Polarised 80/20 Microcycle Designer
Convert your available training hours into a polarised 80/20 split that respects your preferred session lengths. The planner breaks down low- versus high-intensity hours, rounds them to practical session counts, and shows how taper weeks reshape the block’s total load and acute-to-chronic ratio.
Volumes assume steady availability and do not account for illness, travel, or fatigue markers. Adjust using HRV and perceived exertion before executing the plan.
Examples
- 9.5 h/week for 12 weeks, 20% high intensity, 0.75 h high sessions, 1.5 h low sessions, 1 taper week ⇒ Weekly target 7.60 h low (5 sessions) and 1.90 h high (3 sessions), keeping an 80/20 split. One taper week at 60% yields 88.16 h low + 22.04 h high (110.20 h overall). ACWR ≈ 1.03.
- 6 h/week for 8 weeks, 15% high intensity, default session lengths, no taper ⇒ Weekly target 5.10 h low (3 sessions) and 0.90 h high (1 session). Block total 40.80 h low + 7.20 h high (48.00 h overall). ACWR ≈ 1.00.
FAQ
How should I round the session counts?
Use the displayed rounded counts as a baseline, then adjust to your actual weekly schedule. For example, combine two shorter recovery runs into one cross-training session if needed.
Can I bias more threshold work during race prep?
Increase the high-intensity share field from 20% to 25–30% for short blocks, and reduce taper weeks to maintain overall freshness.

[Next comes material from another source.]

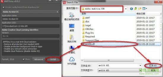 10.点击“Install”,选择安装目录下的“amtlib.dll”文件,点击打开,就完成修改了

What if I include strength training?
Add the strength time to your weekly availability and treat lifting sessions as high intensity if they meaningfully tax recovery; otherwise, leave them in the low-intensity bucket.
Additional Information
- The polarised 80/20 framework keeps roughly 80% of training time below lactate threshold and 20% at or above it.
- Acute:Chronic workload ratio compares the planned week with the rolling average load of the block to flag spikes.
- Taper weeks apply a 40% reduction to both low- and high-intensity volume while keeping the session ratio intact.